What follows are my own theological musings on this question. I don’t claim to have all the answers and the Bible is quite reticent about addressing this question. We are told, for example, that the serpent tempted Eve and caused the downfall of the human race. But we aren’t told why the serpent was in paradise in the first place. Having said that, I do think there are some partial explanations for why God allows evil to happen, especially when the evil is directly tied to human sin as in this awful story.

In my recent sermons I have talked about God’s purpose in creation and how human sin turned away from God’s creative purpose for us. God created humans to be his image-bearers, to reflect his goodness and love out into the world as wise stewards of his creation.

Like it or not, understand it fully or not, this is the main way God chooses to interact with his worldthrough the wise stewardship of humans who reflect God’s goodness and love.

Sin occurs when humans fail to live up to these tasks of being God’s image-bearers and wise stewards, when we seek to reflect our own damaged image out into the world (or reflect the world’s brokenness instead of God’s goodness back to itself). When that happens, sin also serves as a conduit for evil of all kinds. Thus we see kids shooting other kids, among other things. No one, I repeat, no one, who is God’s true image-bearer would do what happened today.
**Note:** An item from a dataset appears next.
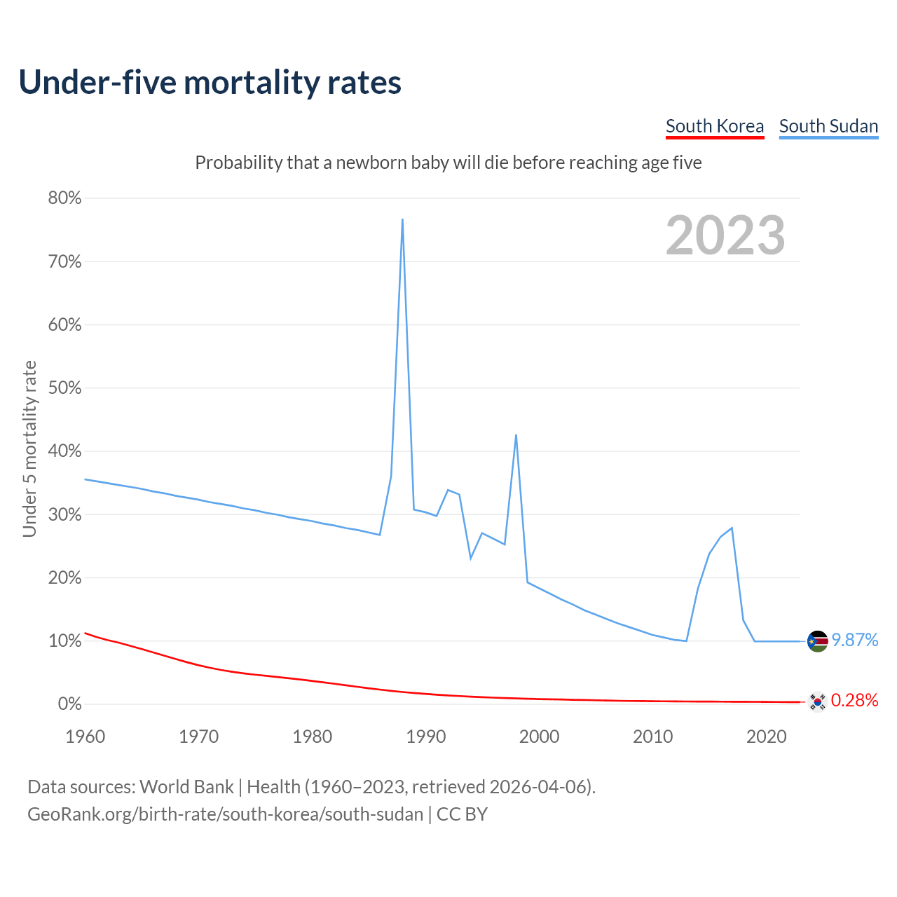 The chance that a newborn baby will die before reaching age five is 0.28% in South Korea and 9.87% in South Sudan. Above is a chart with historical data on under-five mortality rates.

That, I think, is primarily why God allows evil to exist–because God operates mainly through wise human stewardship and we are more often than not unwise. God allows evil to exist, not because he doesn’t care about us or is a distant God who is far removed from the activities of his creation and creatures, but because God has given us the freedom to be stewards in the manner he created us. Otherwise we would be slaves and not human at all. And if that were the case, we would be incapable of having a real relationship with God. Of course that would be directly antithetical to God’s good creative purposes for us. So when we abuse the freedom God gives us and fail to be wise stewards and/or outright reject God’s call to us to be his image-bearers and turn almost completely inward on ourselves and our own brokenness and evil (as the shooter clearly did), evil is allowed to happen. To the cognate question as to why God has chosen to establish the ground rules for interacting with his creation in this manner, I wouldn’t have a clue.

Sin caused the world to fall under a curse and we are called to bring God’s healing love to others by being God’s true image-bearers by following Jesus in the power of the Spirit. The more we know God, the less tolerable sin is for us and the more we are enabled by the Spirit to reflect God’s love and image out into his world. Simply put, we become what we worship. Clearly the shooter did not have any remote image of God in him, at least when he did his heinous work, and we see what happens when we refuse to be the humans God calls us to be.

None of this is going to be of any comfort to those who have lost loved ones today or who have wounded children fighting for their lives in the aftermath of these shootings. Neither does it negate or diminish the terrible tragedy that occurred today and our hearts our broken as we grieve for the family of the dead students and pray for those wounded in this attack. Likewise, God’s heart is broken because this is not what he created humans for. When I am overcome by grief over evil like this–as I am today–I try to remember the cross, where Jesus, God himself, suffered and died for us to defeat evil and show us the way back to being truly human, the way God intends for us to be human, and so to bring his healing love and redemption to a world created good but now terribly broken and weighed down by sin and evil. And yes, that means we need to be praying for the shooter as well, that God turns his heart back to God.

A suffering God like that surely takes no pleasure in murder and surely grieves with us all on this dark day.

Let us pray. Merciful God, hear the cries of our grief, for you know the anguish of our hearts. The evil behind these shootings is beyond our understanding and more than we can bear. Accept our prayer that as Daniel, Demetrius, and Russell have been released from this world’s cruelty so may they be received into your safe hands and secure love. We pray that justice may be done and that we may treasure the memory of their lives more than the manner of their deaths. For Christ’s sake. Amen.